*** Opening of Data supplied ***
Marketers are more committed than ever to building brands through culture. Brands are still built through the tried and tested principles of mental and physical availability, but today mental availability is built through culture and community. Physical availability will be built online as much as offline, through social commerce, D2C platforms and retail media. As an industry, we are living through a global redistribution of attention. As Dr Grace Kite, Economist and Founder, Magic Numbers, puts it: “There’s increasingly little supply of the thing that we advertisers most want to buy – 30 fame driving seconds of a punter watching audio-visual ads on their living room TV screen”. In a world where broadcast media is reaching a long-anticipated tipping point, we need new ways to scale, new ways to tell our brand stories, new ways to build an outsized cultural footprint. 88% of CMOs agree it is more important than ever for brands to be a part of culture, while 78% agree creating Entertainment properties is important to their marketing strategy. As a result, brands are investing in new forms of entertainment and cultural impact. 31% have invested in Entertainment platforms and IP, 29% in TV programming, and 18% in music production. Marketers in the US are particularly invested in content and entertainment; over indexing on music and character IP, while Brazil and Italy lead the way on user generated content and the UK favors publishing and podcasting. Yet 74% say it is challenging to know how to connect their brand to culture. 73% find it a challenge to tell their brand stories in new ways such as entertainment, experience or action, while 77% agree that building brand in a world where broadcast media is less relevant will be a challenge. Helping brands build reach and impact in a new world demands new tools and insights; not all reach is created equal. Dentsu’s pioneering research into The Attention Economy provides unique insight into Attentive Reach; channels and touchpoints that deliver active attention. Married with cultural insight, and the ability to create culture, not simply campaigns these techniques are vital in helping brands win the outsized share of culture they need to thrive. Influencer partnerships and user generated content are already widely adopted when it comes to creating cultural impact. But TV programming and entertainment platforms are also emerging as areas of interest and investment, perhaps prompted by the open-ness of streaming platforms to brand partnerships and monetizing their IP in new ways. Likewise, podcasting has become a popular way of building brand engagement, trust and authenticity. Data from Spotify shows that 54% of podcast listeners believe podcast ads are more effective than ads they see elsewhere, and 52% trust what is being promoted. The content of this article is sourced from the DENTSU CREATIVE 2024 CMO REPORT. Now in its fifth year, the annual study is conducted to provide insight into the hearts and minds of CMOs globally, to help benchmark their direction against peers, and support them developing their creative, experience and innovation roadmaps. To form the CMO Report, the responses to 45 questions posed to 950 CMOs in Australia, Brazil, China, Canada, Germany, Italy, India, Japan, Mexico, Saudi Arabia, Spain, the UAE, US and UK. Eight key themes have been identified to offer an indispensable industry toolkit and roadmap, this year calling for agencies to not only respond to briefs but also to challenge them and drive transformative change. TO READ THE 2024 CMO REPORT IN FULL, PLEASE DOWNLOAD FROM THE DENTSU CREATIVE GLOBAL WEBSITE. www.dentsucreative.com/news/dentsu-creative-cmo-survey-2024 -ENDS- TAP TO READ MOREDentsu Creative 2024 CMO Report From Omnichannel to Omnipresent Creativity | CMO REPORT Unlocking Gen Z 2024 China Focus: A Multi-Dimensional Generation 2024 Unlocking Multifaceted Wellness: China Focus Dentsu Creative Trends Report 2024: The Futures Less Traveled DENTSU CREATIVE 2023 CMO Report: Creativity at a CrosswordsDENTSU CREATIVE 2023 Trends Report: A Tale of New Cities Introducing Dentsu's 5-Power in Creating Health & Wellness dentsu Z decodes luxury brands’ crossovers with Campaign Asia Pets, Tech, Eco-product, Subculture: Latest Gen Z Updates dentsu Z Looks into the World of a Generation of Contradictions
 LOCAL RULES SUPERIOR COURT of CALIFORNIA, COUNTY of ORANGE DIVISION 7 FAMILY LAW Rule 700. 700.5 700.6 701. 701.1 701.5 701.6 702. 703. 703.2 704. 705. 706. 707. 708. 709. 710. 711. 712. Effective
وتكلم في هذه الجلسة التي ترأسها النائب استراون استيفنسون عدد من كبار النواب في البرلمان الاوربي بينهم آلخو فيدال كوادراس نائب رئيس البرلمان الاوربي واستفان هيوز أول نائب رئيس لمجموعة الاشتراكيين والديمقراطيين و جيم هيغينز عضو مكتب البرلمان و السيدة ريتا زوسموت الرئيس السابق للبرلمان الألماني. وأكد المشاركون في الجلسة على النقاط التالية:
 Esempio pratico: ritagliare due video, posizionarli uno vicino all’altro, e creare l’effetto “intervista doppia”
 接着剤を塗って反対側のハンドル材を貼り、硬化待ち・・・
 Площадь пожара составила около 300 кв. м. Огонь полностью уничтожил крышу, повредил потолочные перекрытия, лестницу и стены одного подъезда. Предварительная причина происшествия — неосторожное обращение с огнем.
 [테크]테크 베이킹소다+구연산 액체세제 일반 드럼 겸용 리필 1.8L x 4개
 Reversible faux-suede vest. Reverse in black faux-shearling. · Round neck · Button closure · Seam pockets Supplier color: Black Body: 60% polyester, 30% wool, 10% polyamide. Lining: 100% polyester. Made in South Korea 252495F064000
*** Close of Data supplied ***
Your task ::
Each line from the one with "Esempio pratico: ritagliare" through the end of the records above should be written out exactly. No other line should appear.

Task output ::
 Esempio pratico: ritagliare due video, posizionarli uno vicino all’altro, e creare l’effetto “intervista doppia”
 接着剤を塗って反対側のハンドル材を貼り、硬化待ち・・・
 Площадь пожара составила около 300 кв. м. Огонь полностью уничтожил крышу, повредил потолочные перекрытия, лестницу и стены одного подъезда. Предварительная причина происшествия — неосторожное обращение с огнем.
 [테크]테크 베이킹소다+구연산 액체세제 일반 드럼 겸용 리필 1.8L x 4개
 Reversible faux-suede vest. Reverse in black faux-shearling. · Round neck · Button closure · Seam pockets Supplier color: Black Body: 60% polyester, 30% wool, 10% polyamide. Lining: 100% polyester. Made in South Korea 252495F064000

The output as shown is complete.